● DATA UNDER STUDY:
*** Block opens ***

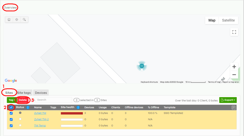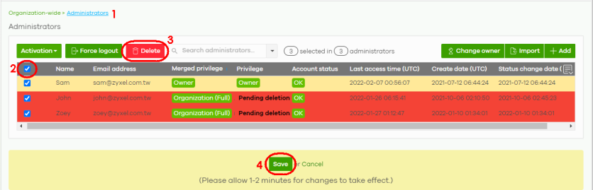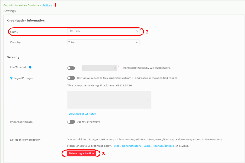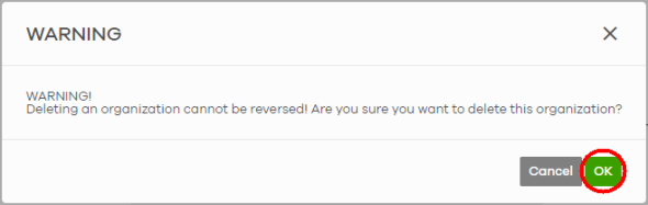 Only the Organization owner can delete an Organization. An Organization can be deleted only when it has no site(s), administrator(s), user(s), license(s), or Nebula Device(s) in the Organization.
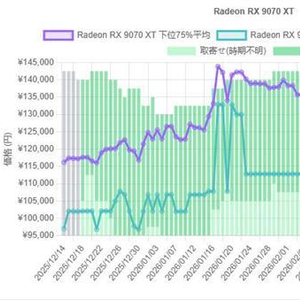 作为RX 9070 XT需求最旺盛的地区之一,日本市场该显卡1月底一度飙升至14万日元,较2025年11月上涨30-35%。
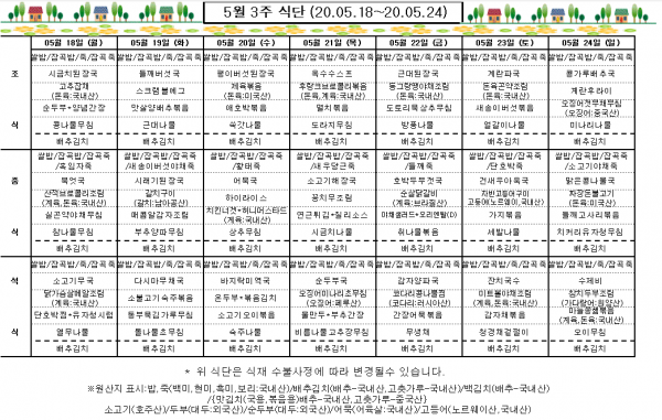 5월 3주 식단표
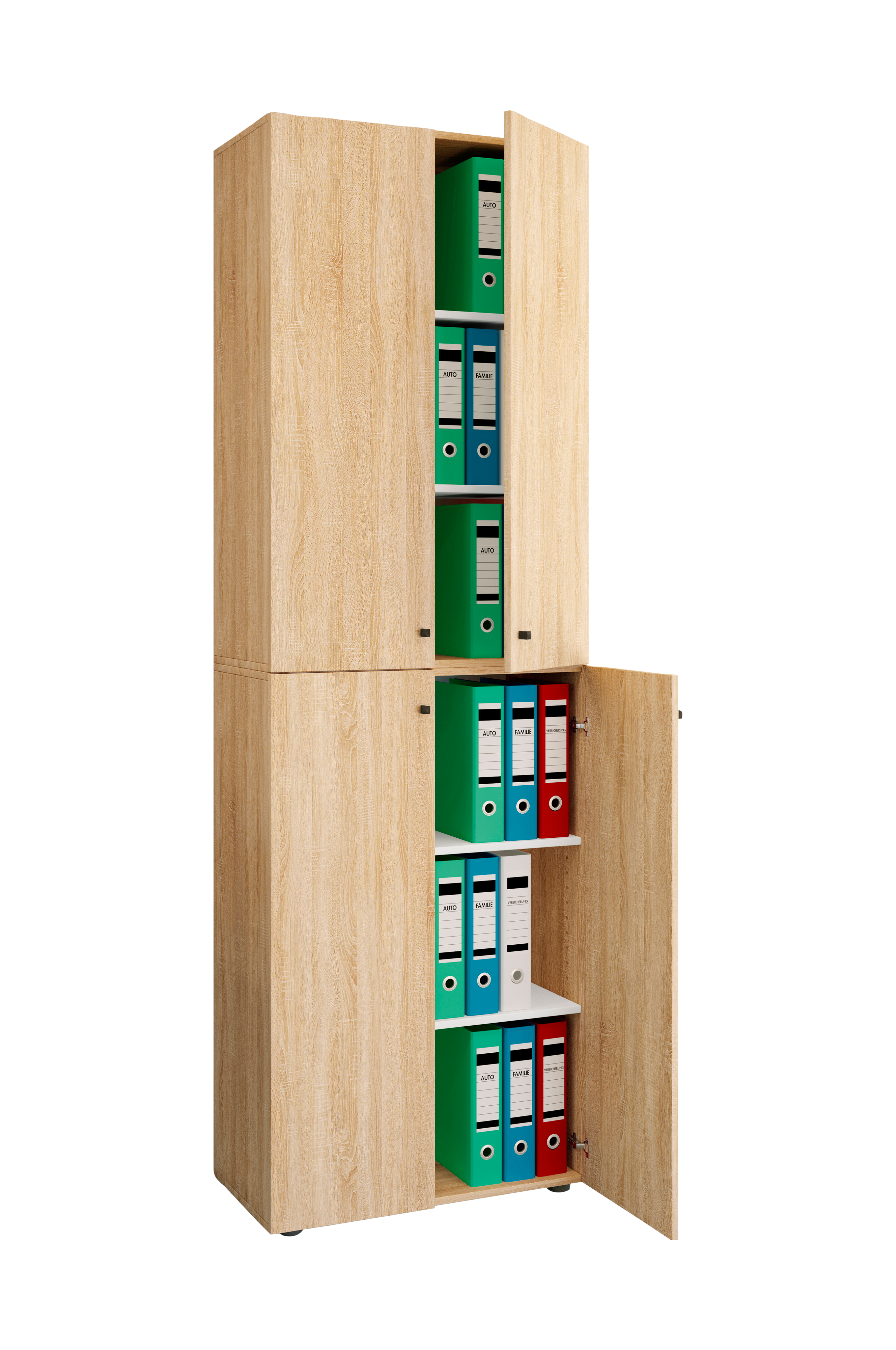vcm "lona xl reol med fire hængslede døre" har fire variable hylder og plads til ca. 42 mapper og andre redskaber. Skabet kan kombineres med andre møbler fra serien "vcm lona ".
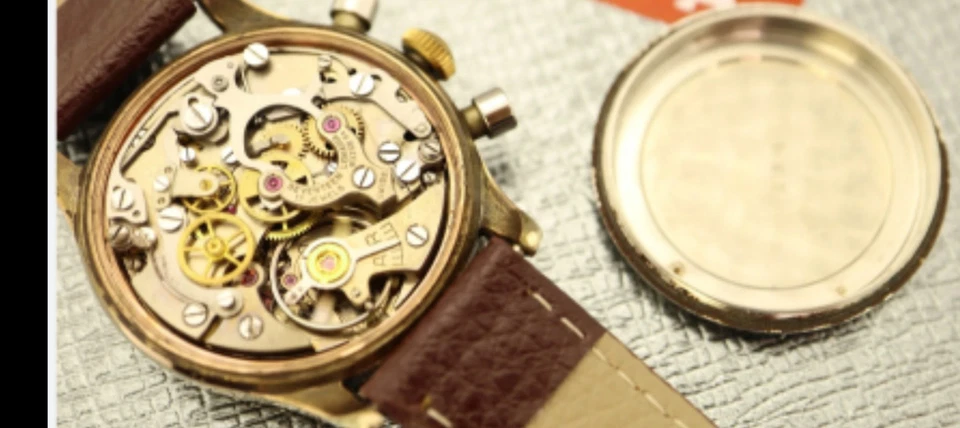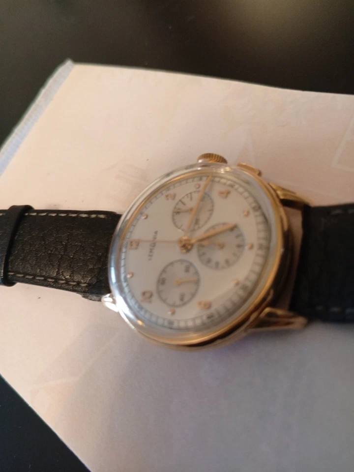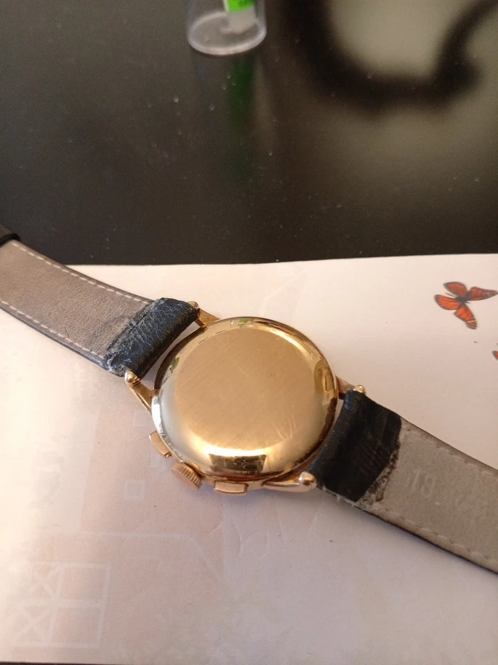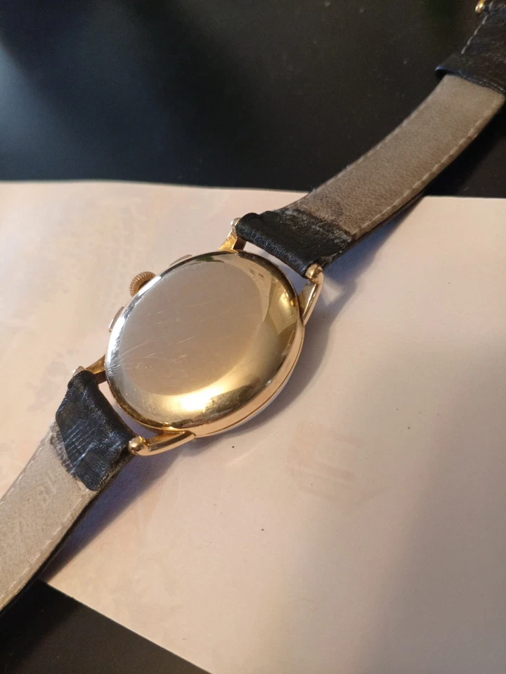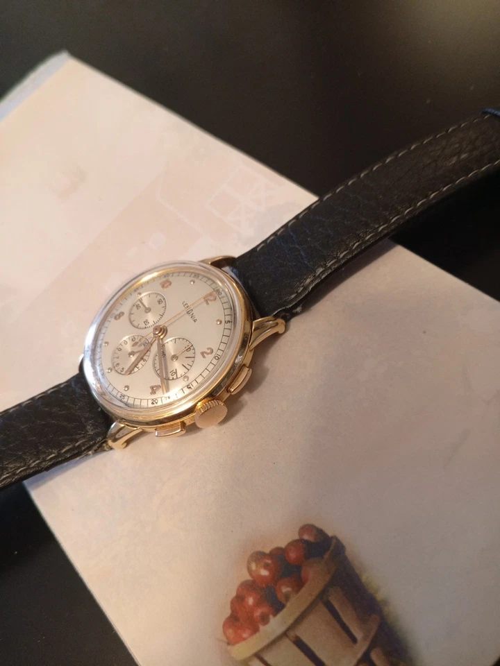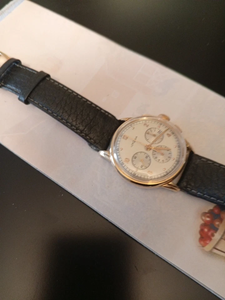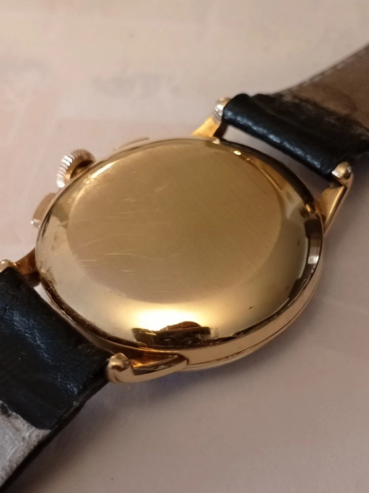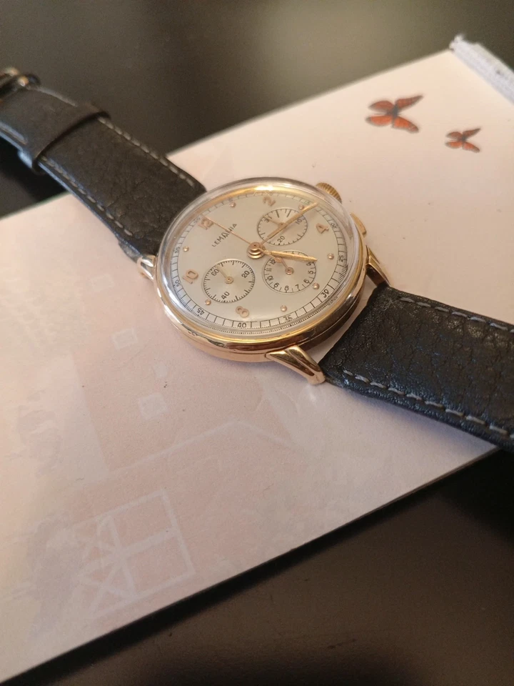 Lemania Chronograph 3 Register 18k Solid Rose Gold ch27 Omega Moon rare 105 Cal

*** Block closes ***

● WHAT TO PRODUCE:
Repeat the material above word for word but skip the images.

● SOLUTION:
 Only the Organization owner can delete an Organization. An Organization can be deleted only when it has no site(s), administrator(s), user(s), license(s), or Nebula Device(s) in the Organization.
 作为RX 9070 XT需求最旺盛的地区之一,日本市场该显卡1月底一度飙升至14万日元,较2025年11月上涨30-35%。
 5월 3주 식단표
vcm "lona xl reol med fire hængslede døre" har fire variable hylder og plads til ca. 42 mapper og andre redskaber. Skabet kan kombineres med andre møbler fra serien "vcm lona ".
 Lemania Chronograph 3 Register 18k Solid Rose Gold ch27 Omega Moon rare 105 Cal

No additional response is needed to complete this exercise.